→ Problem description
Please retype all of the entries that follow, leaving the images out.

→ Records for processing

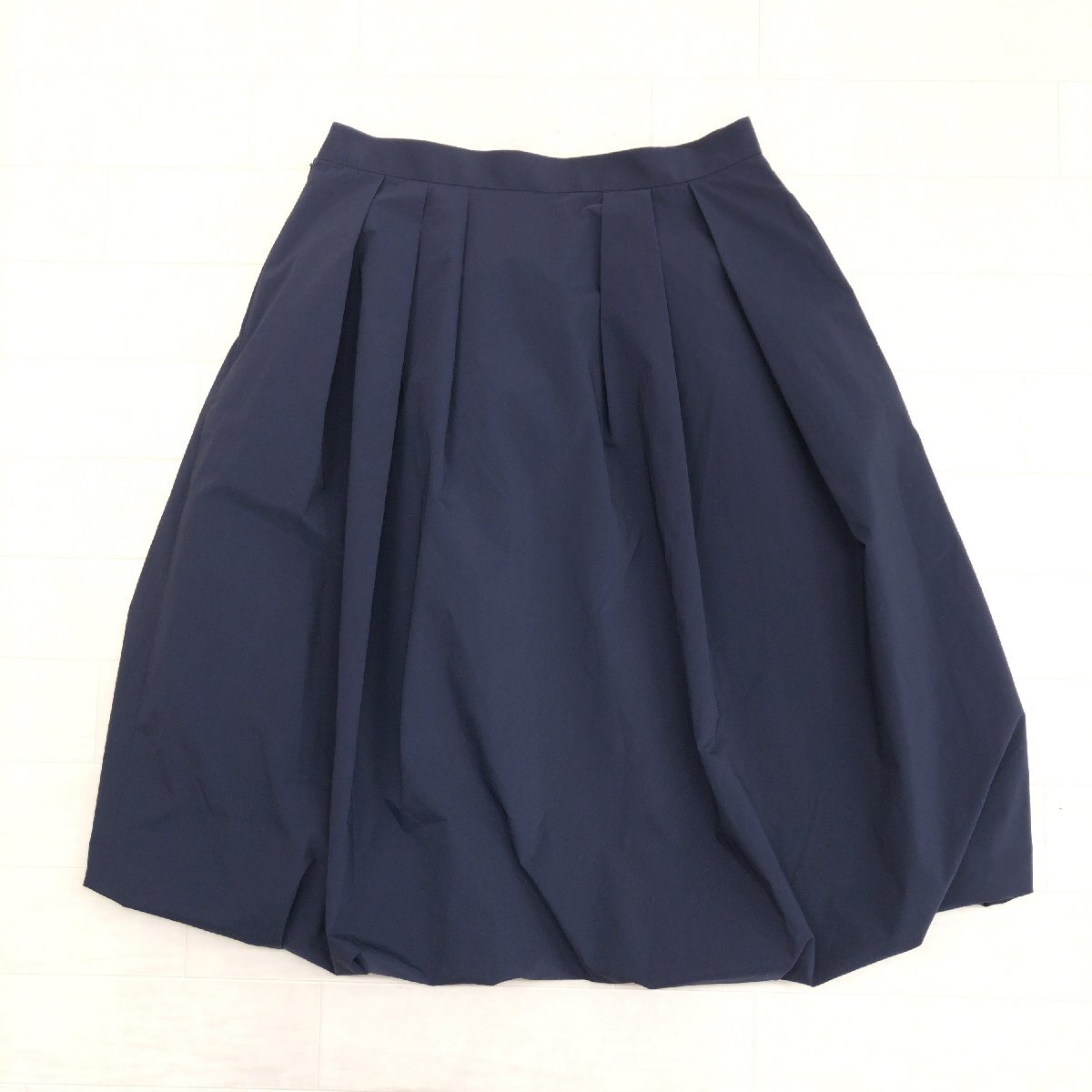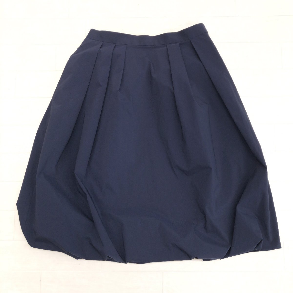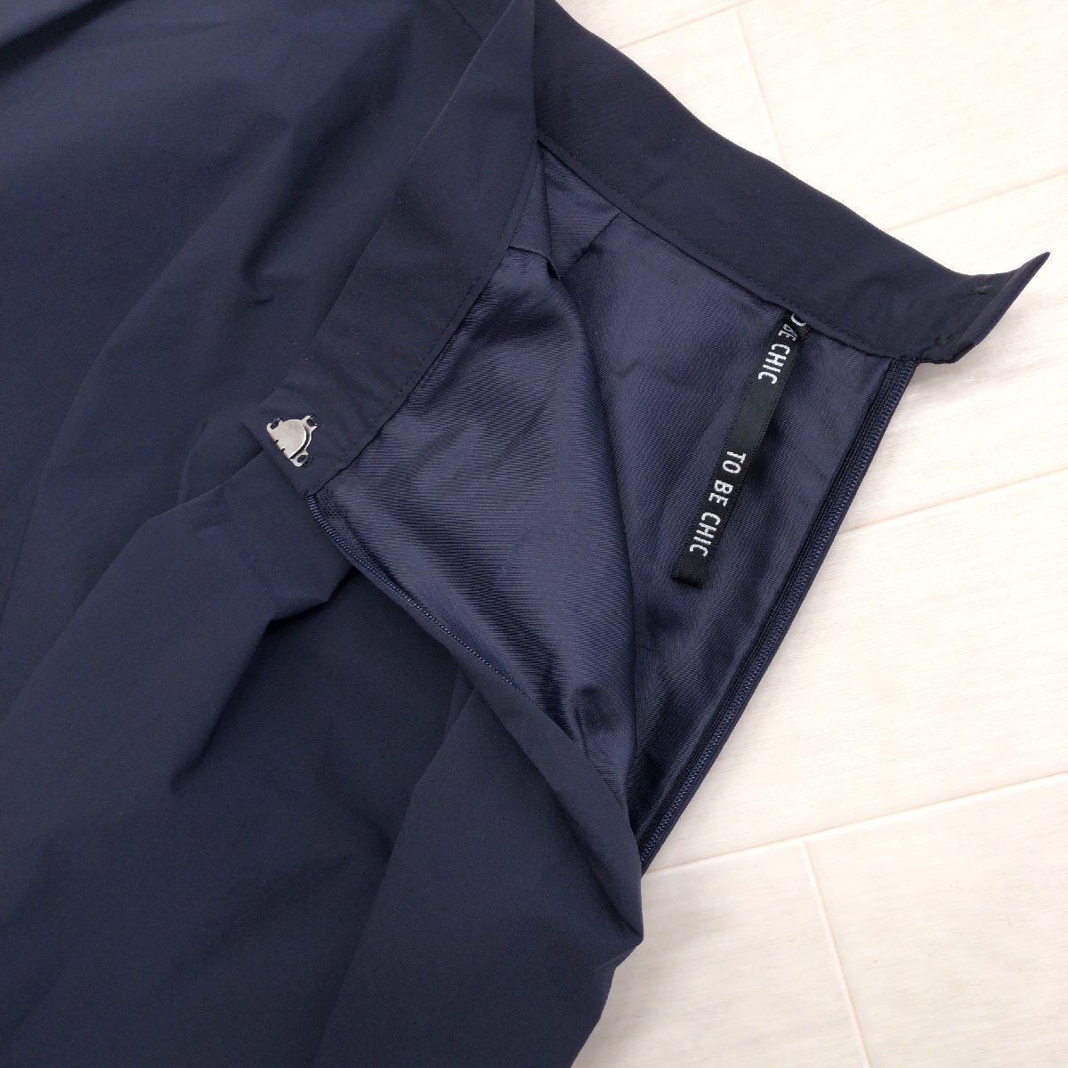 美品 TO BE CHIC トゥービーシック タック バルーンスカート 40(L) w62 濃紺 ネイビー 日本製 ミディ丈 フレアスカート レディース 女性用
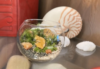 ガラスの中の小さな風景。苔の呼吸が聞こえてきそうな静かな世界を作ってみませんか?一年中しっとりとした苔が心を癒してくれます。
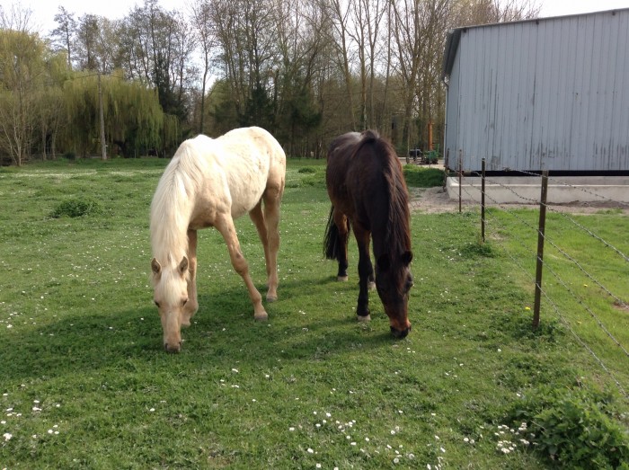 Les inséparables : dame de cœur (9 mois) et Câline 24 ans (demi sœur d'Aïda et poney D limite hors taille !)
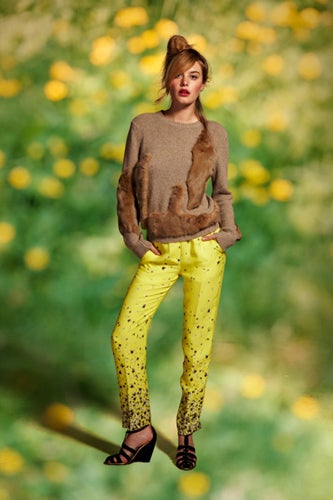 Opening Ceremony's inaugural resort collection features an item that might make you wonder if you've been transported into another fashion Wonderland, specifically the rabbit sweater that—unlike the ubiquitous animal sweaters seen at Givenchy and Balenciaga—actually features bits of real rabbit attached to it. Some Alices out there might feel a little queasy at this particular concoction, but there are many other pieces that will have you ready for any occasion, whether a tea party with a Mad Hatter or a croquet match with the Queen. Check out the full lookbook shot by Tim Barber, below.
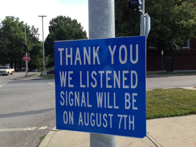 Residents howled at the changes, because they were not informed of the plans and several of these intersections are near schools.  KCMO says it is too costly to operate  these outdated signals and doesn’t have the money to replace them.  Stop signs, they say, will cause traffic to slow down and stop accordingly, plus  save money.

→ Result of this task
 美品 TO BE CHIC トゥービーシック タック バルーンスカート 40(L) w62 濃紺 ネイビー 日本製 ミディ丈 フレアスカート レディース 女性用
 ガラスの中の小さな風景。苔の呼吸が聞こえてきそうな静かな世界を作ってみませんか?一年中しっとりとした苔が心を癒してくれます。
 Les inséparables : dame de cœur (9 mois) et Câline 24 ans (demi sœur d'Aïda et poney D limite hors taille !)
 Opening Ceremony's inaugural resort collection features an item that might make you wonder if you've been transported into another fashion Wonderland, specifically the rabbit sweater that—unlike the ubiquitous animal sweaters seen at Givenchy and Balenciaga—actually features bits of real rabbit attached to it. Some Alices out there might feel a little queasy at this particular concoction, but there are many other pieces that will have you ready for any occasion, whether a tea party with a Mad Hatter or a croquet match with the Queen. Check out the full lookbook shot by Tim Barber, below.
 Residents howled at the changes, because they were not informed of the plans and several of these intersections are near schools.  KCMO says it is too costly to operate  these outdated signals and doesn’t have the money to replace them.  Stop signs, they say, will cause traffic to slow down and stop accordingly, plus  save money.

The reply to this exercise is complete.